Could you please reproduce every record below exactly, leaving out the pictures?
------ Input material ------
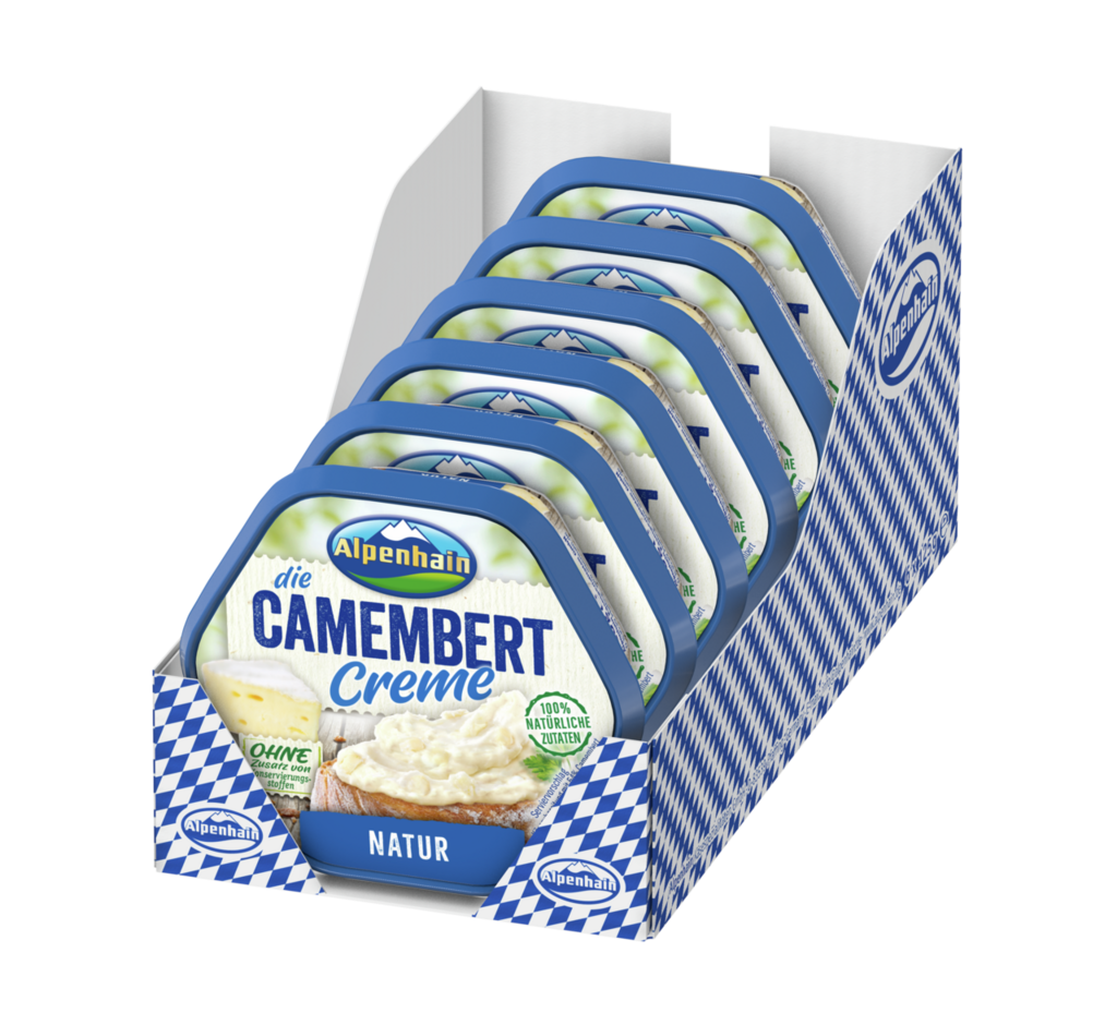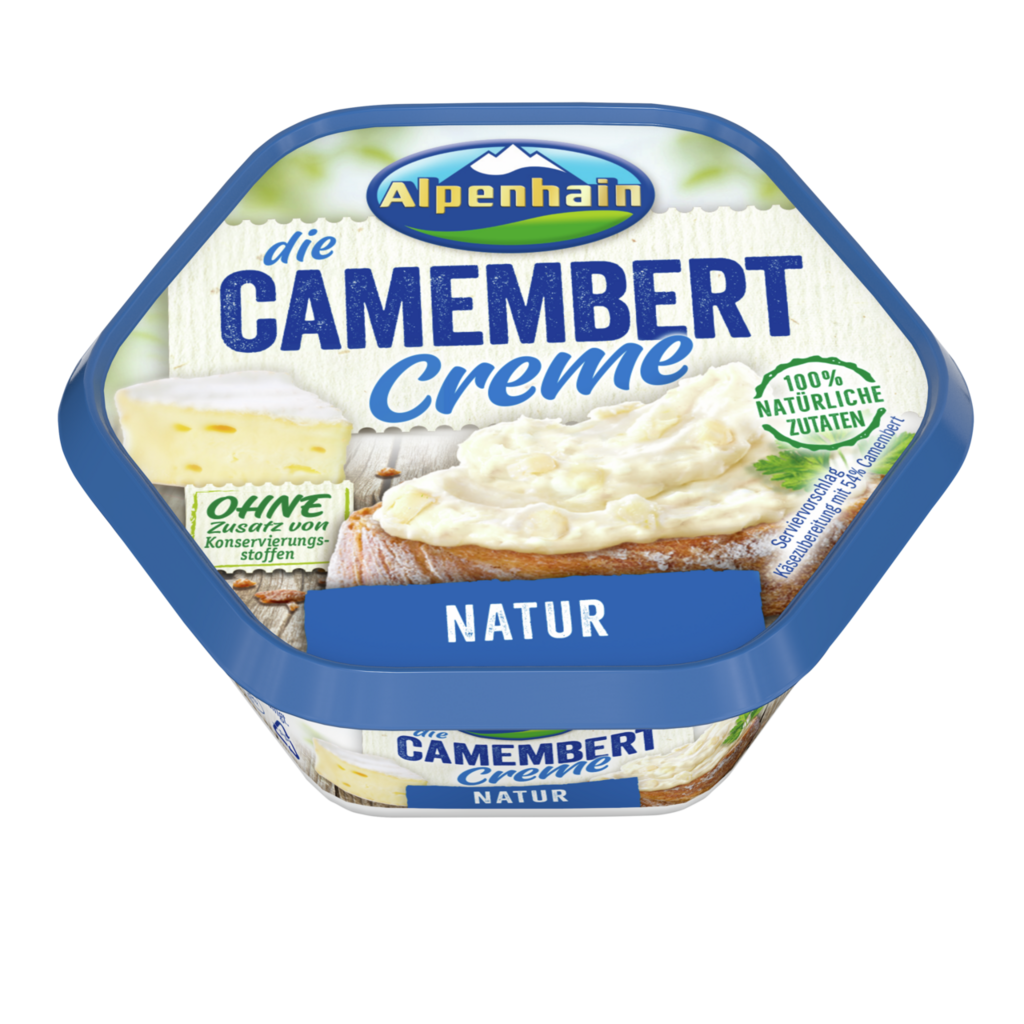 Der erste Camembert zum Streichen mit feinen Camembert-Stückchen aus frischer Alpenmilch. Die Alpenhain Camembert Creme überzeugt durch den cremigen, unverfälschten Camembert-Geschmack und die vielfältigen Anwendungsmöglichkeiten: pur, als klassischer Brotaufstrich, süß oder würzig und zum Verfeinern von Soßen und warmen Gerichten
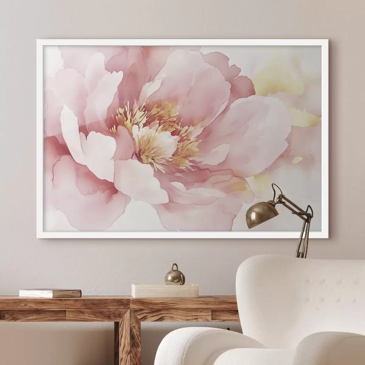 Poster Rosa Pfingstrose Blume, Aquarell-Stil f42203
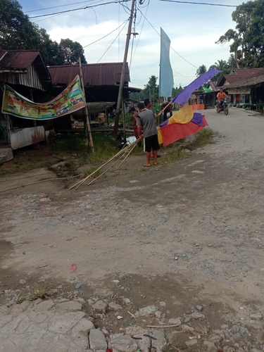 Pak Mayadi dan kawan kawan memasang bendera umbol umbol untuk persiapan peringatan Maulid Nabi di desa sarang burung Danau kec. Jawai kab. Sambas. Kalbar.Jum'at, 30/10/2020
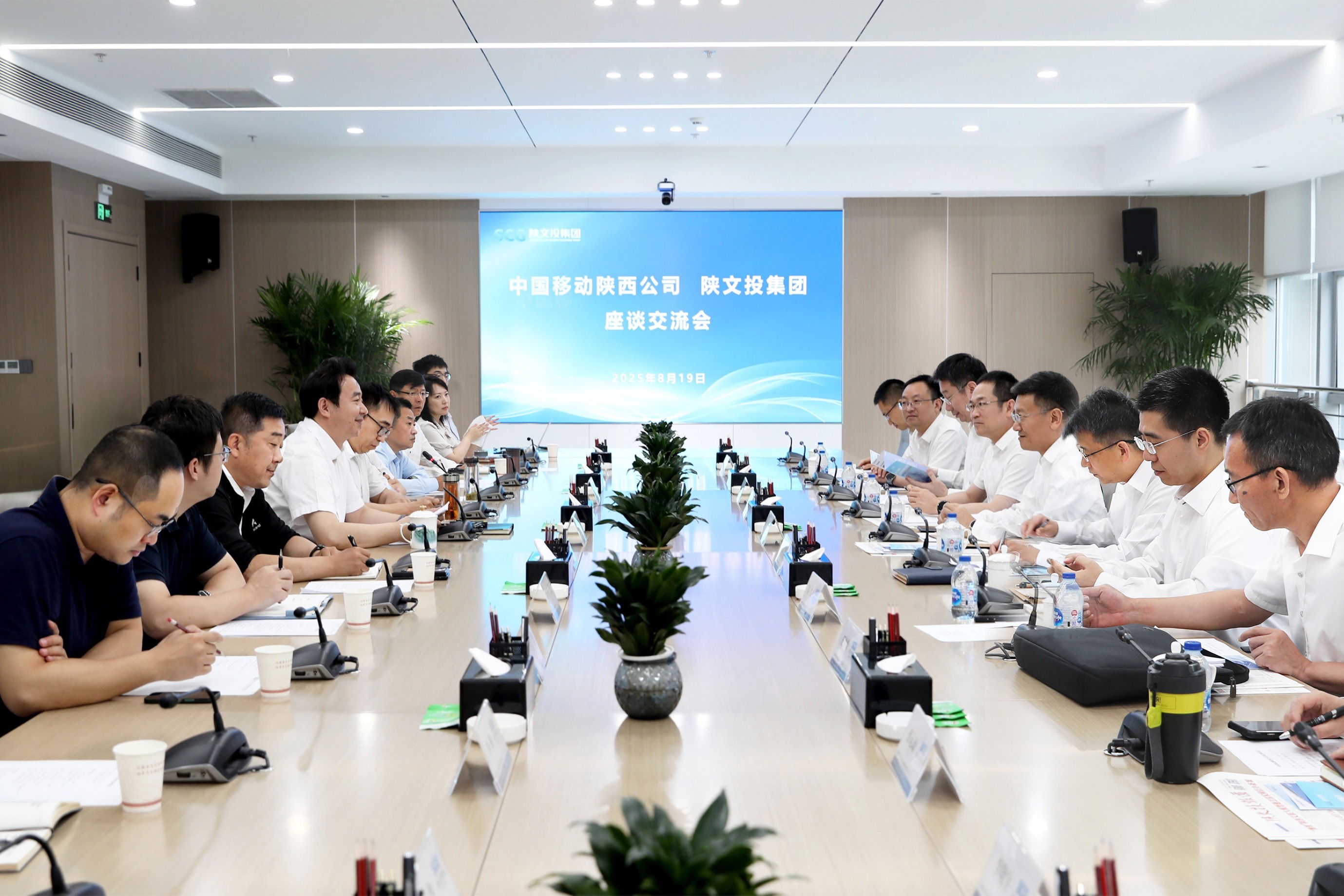 8月19日,中国移动通信集团陕西有限公司党委书记、董事长、总经理周敏一行来访陕文投集团,与集团党委书记、董事长黄勇围绕充分发挥各自优势,在更深层次、更宽领域全面推动深化合作再上新台阶,共同加快“人工智能+文旅”科技创新平台建设,打造陕西文旅人工智能创新示范项目,推进文旅全产业链数智化转型升级座谈交流。
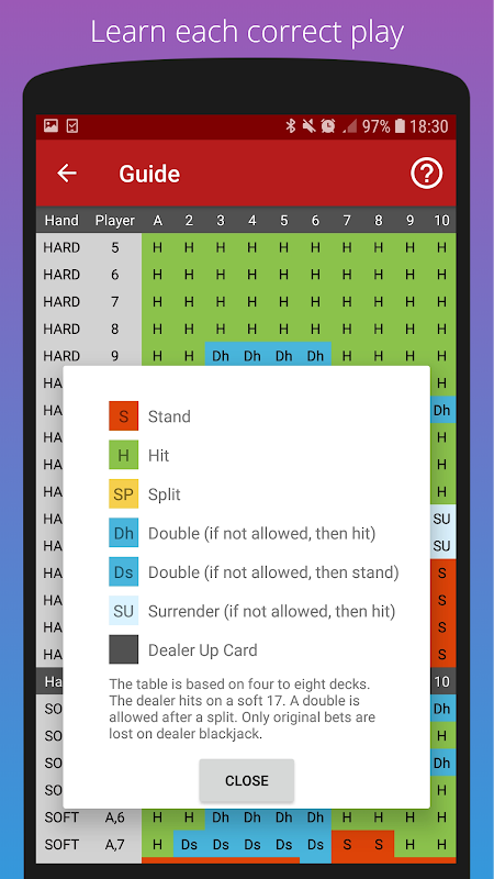 Aplikasi Blackjack Basic Strategy Trainer adalah cara tercepat untuk mempelajari Strategi Dasar untuk Blackjack.
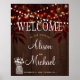 Chic and classy wedding sign poster with rustic twinkle lights, mason jar with white flowers and rust autumn leaves on brown barn wood background. Ideal for your night autumn fall | country rustic themed wedding.
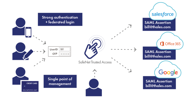 - 최종 사용자는 중앙 집중식 시스템에 먼저 인증한 다음 원하는 소프트웨어 애플리케이션에 액세스함
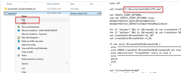 In die Import.bat Datei wird automatisch der Pfad zur CPS.exe eingetragen, sofern die CREATE auf dem M1plus-Rechner installiert ist.
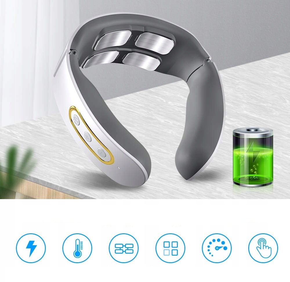 Masażer karku EMS z funkcją podgrzewania wykorzystuje impulsy elektryczne, które rozluźniają mięśnie i poprawiają krążenie już po kilku minutach.
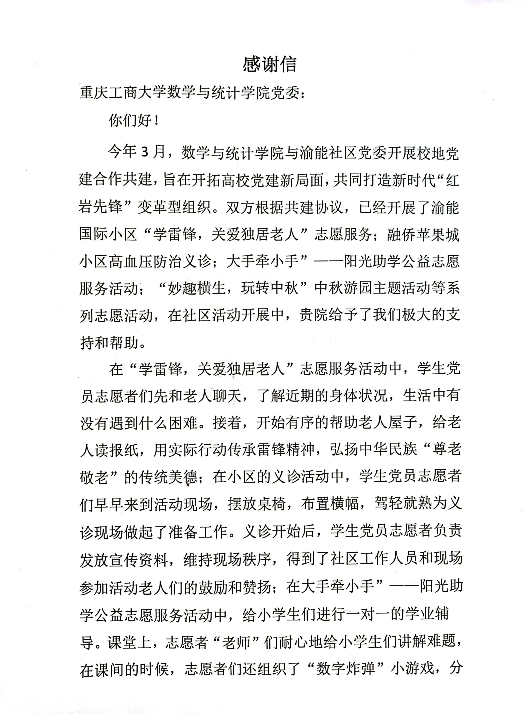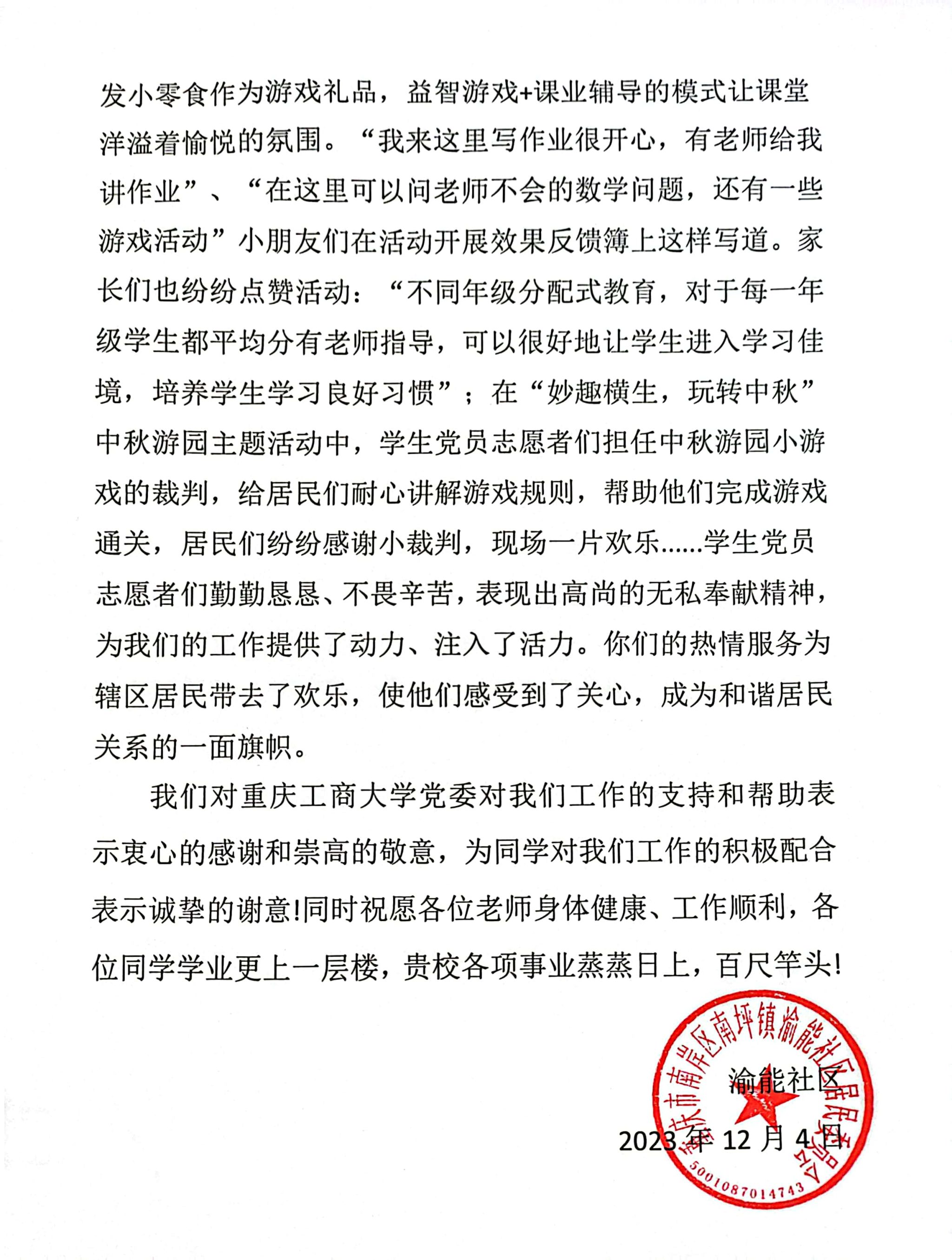 近日,公司党委收到一封来自南岸区南坪镇渝能社区党委的长达两页的感谢信,对公司党委积极开展双方党建共建,组织师生党员长期服务社区表示感谢。
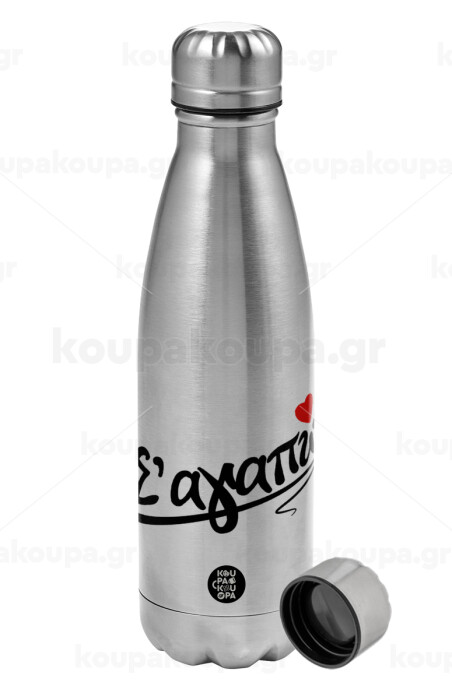 Σ΄ αγαπώ!!!, Μεταλλικό παγούρι νερού, ανοξείδωτο ατσάλι, 750ml
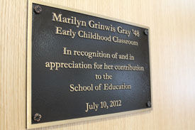 students. The early childhood room is named for Marilyn Grinwis Gray ’48, a retired kindergarten teacher, in acknowledgement of her support of the School of Education, in particular, the early childhood program.
------
■ **Reply**
 Der erste Camembert zum Streichen mit feinen Camembert-Stückchen aus frischer Alpenmilch. Die Alpenhain Camembert Creme überzeugt durch den cremigen, unverfälschten Camembert-Geschmack und die vielfältigen Anwendungsmöglichkeiten: pur, als klassischer Brotaufstrich, süß oder würzig und zum Verfeinern von Soßen und warmen Gerichten
 Poster Rosa Pfingstrose Blume, Aquarell-Stil f42203
 Pak Mayadi dan kawan kawan memasang bendera umbol umbol untuk persiapan peringatan Maulid Nabi di desa sarang burung Danau kec. Jawai kab. Sambas. Kalbar.Jum'at, 30/10/2020
 8月19日,中国移动通信集团陕西有限公司党委书记、董事长、总经理周敏一行来访陕文投集团,与集团党委书记、董事长黄勇围绕充分发挥各自优势,在更深层次、更宽领域全面推动深化合作再上新台阶,共同加快“人工智能+文旅”科技创新平台建设,打造陕西文旅人工智能创新示范项目,推进文旅全产业链数智化转型升级座谈交流。
 Aplikasi Blackjack Basic Strategy Trainer adalah cara tercepat untuk mempelajari Strategi Dasar untuk Blackjack.
 Chic and classy wedding sign poster with rustic twinkle lights, mason jar with white flowers and rust autumn leaves on brown barn wood background. Ideal for your night autumn fall | country rustic themed wedding.
 - 최종 사용자는 중앙 집중식 시스템에 먼저 인증한 다음 원하는 소프트웨어 애플리케이션에 액세스함
 In die Import.bat Datei wird automatisch der Pfad zur CPS.exe eingetragen, sofern die CREATE auf dem M1plus-Rechner installiert ist.
 Masażer karku EMS z funkcją podgrzewania wykorzystuje impulsy elektryczne, które rozluźniają mięśnie i poprawiają krążenie już po kilku minutach.
 近日,公司党委收到一封来自南岸区南坪镇渝能社区党委的长达两页的感谢信,对公司党委积极开展双方党建共建,组织师生党员长期服务社区表示感谢。
 Σ΄ αγαπώ!!!, Μεταλλικό παγούρι νερού, ανοξείδωτο ατσάλι, 750ml
 students. The early childhood room is named for Marilyn Grinwis Gray ’48, a retired kindergarten teacher, in acknowledgement of her support of the School of Education, in particular, the early childhood program.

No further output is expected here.